» **Directions**
Skip the pictures. Transcribe exactly the lines from the line containing "Schneedecke durchfeuchtet aber" to the end of the listing.
[[ Exercise data, beginning ]]
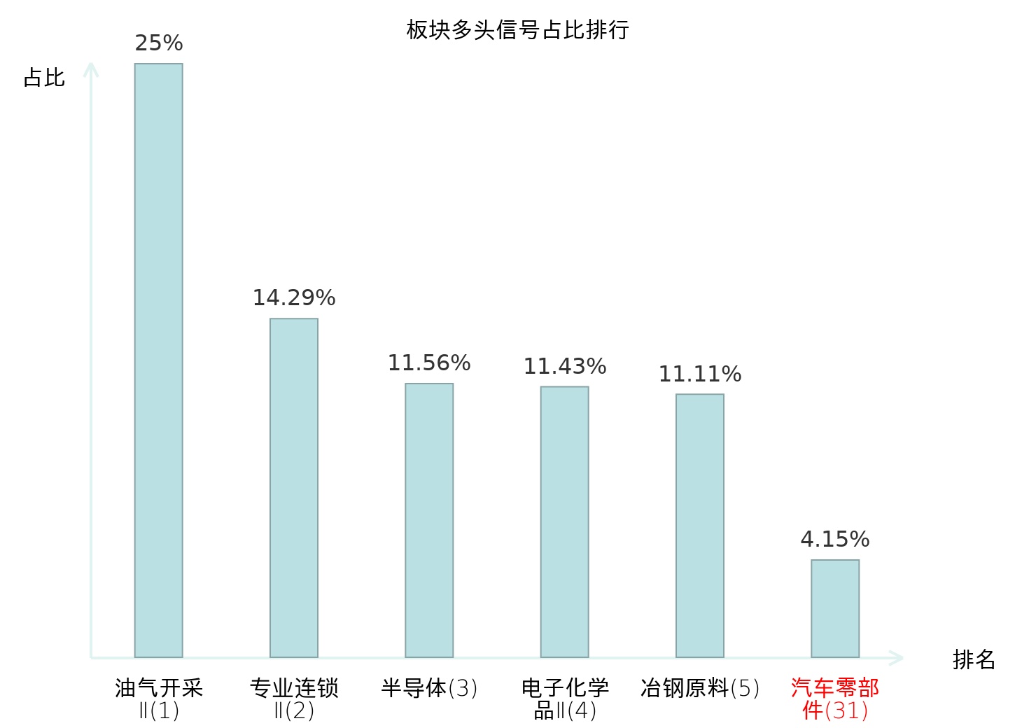 全市场所有行业板块中主力多头信号占比排名中,油气开采Ⅱ板块位居第一。油气开采Ⅱ板块名次提升最快,较昨日上升127位。
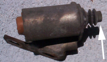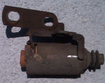For cars with a hot cam in pre-72 models with air, install a 72 and later idle speed solenoid on an ac equipped Buick. The solenoid increases the rpm when the compressor runs. Sometimes the additional load of the compressor will cause a rough idle. The solenoid can be spliced into the green wire running to the compressor with wire tap-in part #64-3052 at Radio Shack for $1.70/10. After splicing it in, set the non-air idle by using the screw on the carb and the air idle speed by unscrewing the plunger in the solenoid(see picture below with arrow)
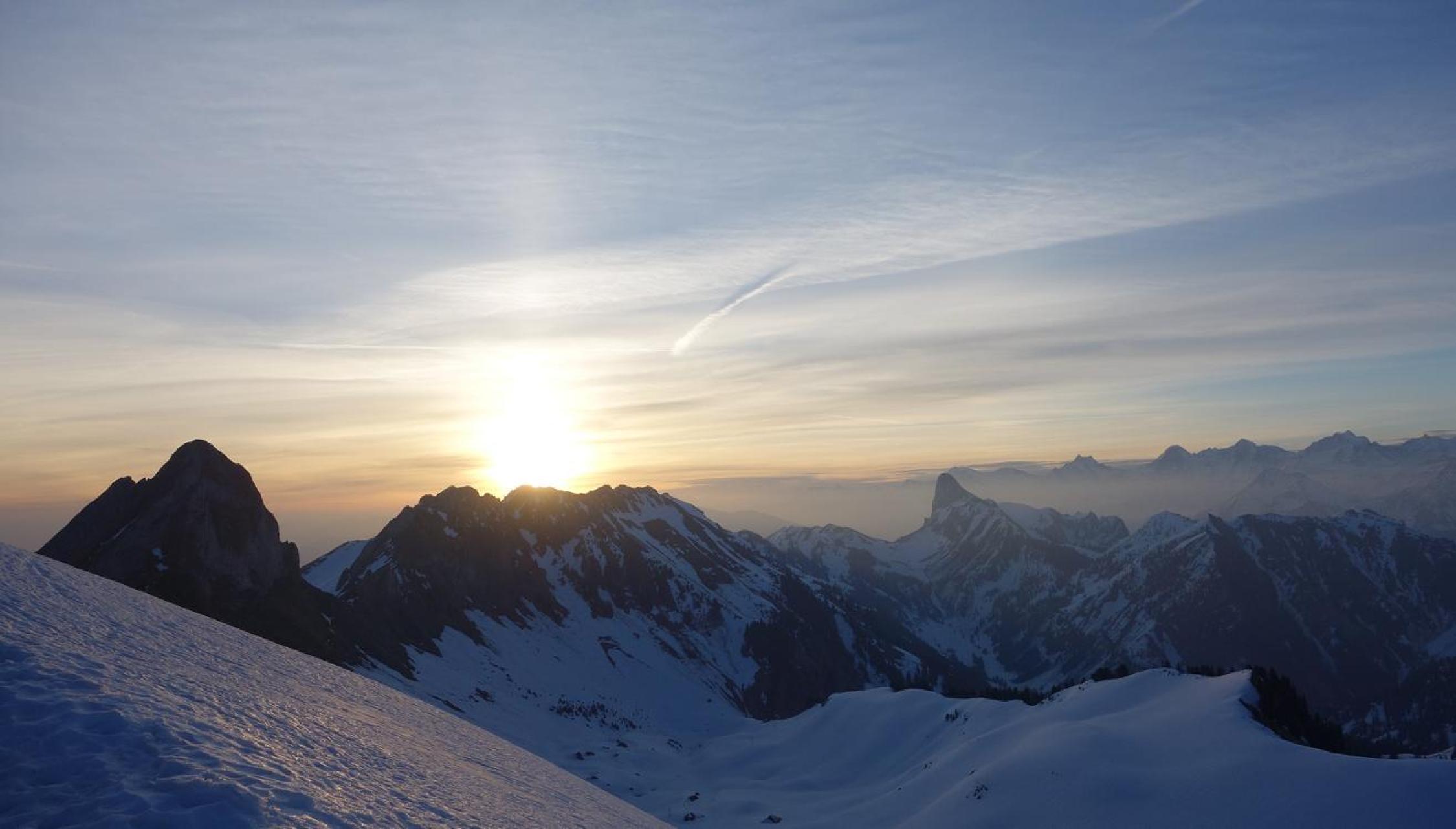Schneedecke durchfeuchtet aber leider zog die Bewölkung offenbar zu spät ab, es gefror nicht. Ab 1800m oberflächlich gefroren, aber nicht tragend. Der Morgetepass sieht ganz strub aus, deshalb sind wir dann zum Sattel zwischen Schibespitz und Gantrisch aufgestiegen (ca 2030m).
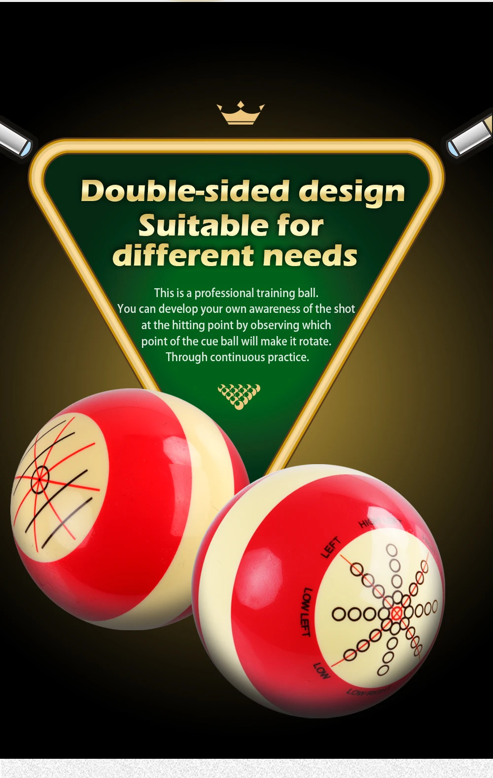 2.This is a professional training ball. You can develop your own awareness of the shot at the hitting point by observing which point of the cue ball will make it rotate.
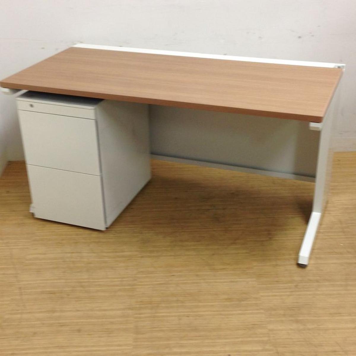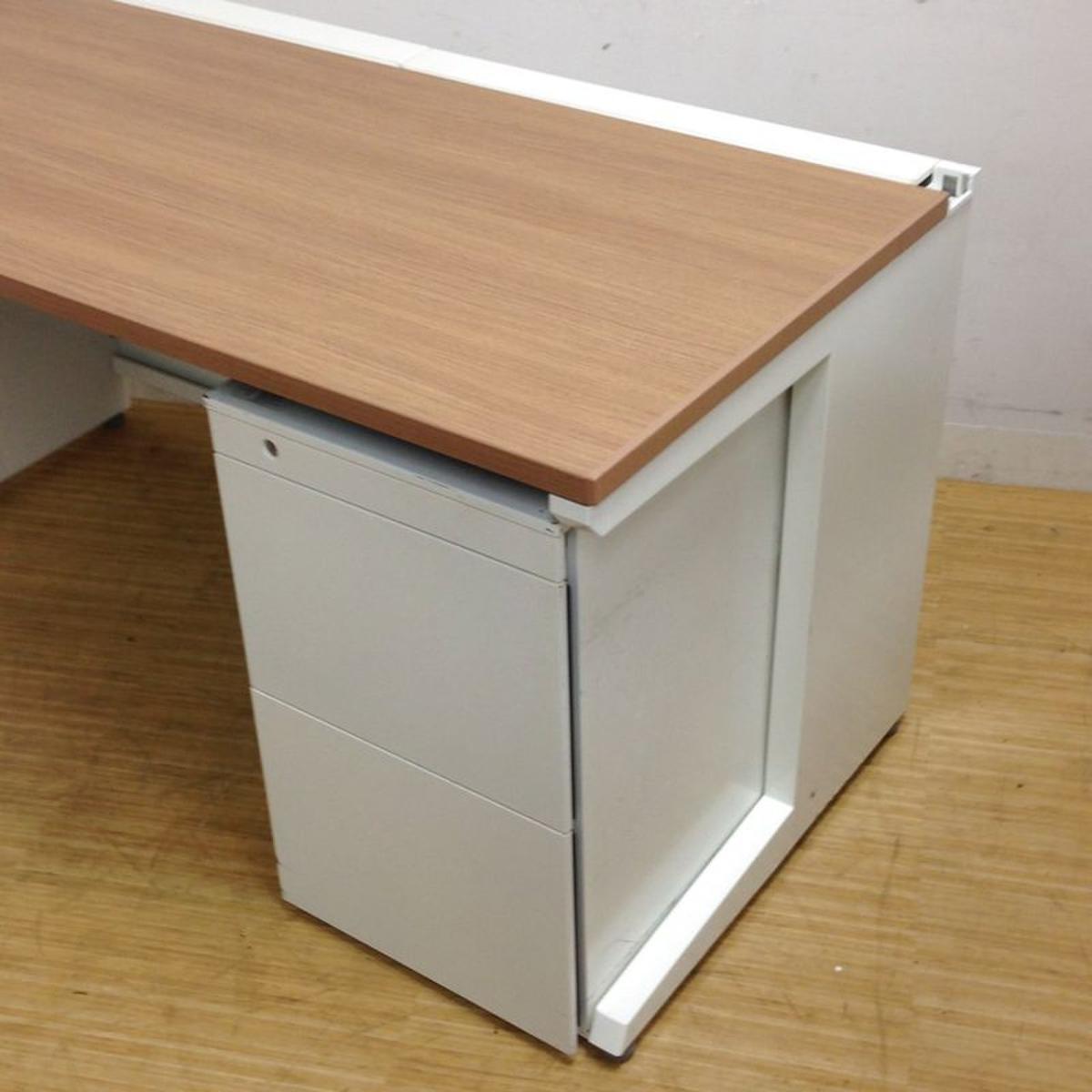 【4/2(木)入荷予定の商品となります!】【清潔感のあるホワイトカラーの平机+ワゴンセット!スタンダードな幅1200㎜!】■オカムラ(OKAMURA)製 アドバンス(ADVANCE)シリーズ ■引き出し無し ■幅1200mm ■木目天板 ■ブラウン ※ワゴンは在庫状況によって変動致します。- つくば店
[[ Exercise data, end ]]
» **Response for this exercise**
Schneedecke durchfeuchtet aber leider zog die Bewölkung offenbar zu spät ab, es gefror nicht. Ab 1800m oberflächlich gefroren, aber nicht tragend. Der Morgetepass sieht ganz strub aus, deshalb sind wir dann zum Sattel zwischen Schibespitz und Gantrisch aufgestiegen (ca 2030m).
 2.This is a professional training ball. You can develop your own awareness of the shot at the hitting point by observing which point of the cue ball will make it rotate.
 【4/2(木)入荷予定の商品となります!】【清潔感のあるホワイトカラーの平机+ワゴンセット!スタンダードな幅1200㎜!】■オカムラ(OKAMURA)製 アドバンス(ADVANCE)シリーズ ■引き出し無し ■幅1200mm ■木目天板 ■ブラウン ※ワゴンは在庫状況によって変動致します。- つくば店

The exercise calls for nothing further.